El ansia combativa de desaparecer aumentó con los años. No bastaba con retirarse en 1952 a Cornish, en New Hampshire, donde, buen vecino, se sentía protegido por sus conciudadanos, acérrimos partidarios del respeto a la vida privada, como él. Pero, amigo de los estudiantes, pronto se sintió traicionado. Lo que parecía ser una conversación destinada a las páginas escolares del periódico local, apareció escandalosamente en primera página. En los años setenta descubrió una edición pirata de sus cuentos, en San Francisco, y sorprendentemente pidió una entrevista telefónica al The New York Times para quejarse de lo que juzgaba una intolerable invasión de su intimidad. "Me gusta escribir, pero sólo escribo para mí, por placer", dijo entonces. Lacey Fosburg tituló la entrevista: "J. D. Salinger habla de su silencio".

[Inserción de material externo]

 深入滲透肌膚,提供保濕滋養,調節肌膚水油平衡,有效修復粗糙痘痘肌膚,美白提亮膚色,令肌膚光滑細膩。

Era un señor que no quería que lo molestaran. Se parecía a los jóvenes taciturnos, airados, callados, de los años cincuenta, en unos Estados Unidos chillones, radiotelevisivos, donde se cazaba escandalosamente a los disconformes y en las escuelas se adiestraba a los niños para que denunciaran a sus vecinos antiamericanos o sospechosos de serlo. Seguro que había leído Salinger en la revista Harper's Magazine (julio de 1955) un irritado panfleto de William Faulkner, Privacy. ¿Qué ha sido del sueño americano? La igualdad en la libertad había sido sustituida, decía Faulkner, por "palabras vanas y altisonantes, vacías de todo significado, libertad, democracia, patriotismo". "Mi convicción es que sólo las obras de un escritor están a disposición del público y abiertas a la discusión y el estudio, desde el momento en que ha propuesto la publicación y ha aceptado dinero a cambio". Y Faulkner sentenciaba: "Su vida privada es únicamente suya". Defendía la intimidad. Hoy defenderíamos el derecho a venderla.

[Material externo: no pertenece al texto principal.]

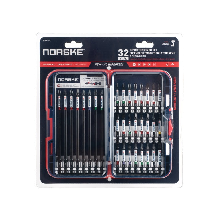 NORSKE™ IMPACT TORSION driver bits are engineered to meet the rigorous demands of professional and industrial users. The optimized FLEX TECH TORSION ZONE flexes under load to take pressure off of the bit tip and reduce bit fracture resulting in less breakage.

Abrirán los cajones del muerto, como decía P. D. James, y no encontrarán nada. Salinger practicaba el arte de la intimidad. Su silencio de estos años me recuerda a esa pieza pianística de John Cage, 4'33 (1952), en tres partes que se indican cerrando y abriendo la tapa del piano al final de cada parte. Ha empezado la época de la obra póstuma de J. D. Salinger.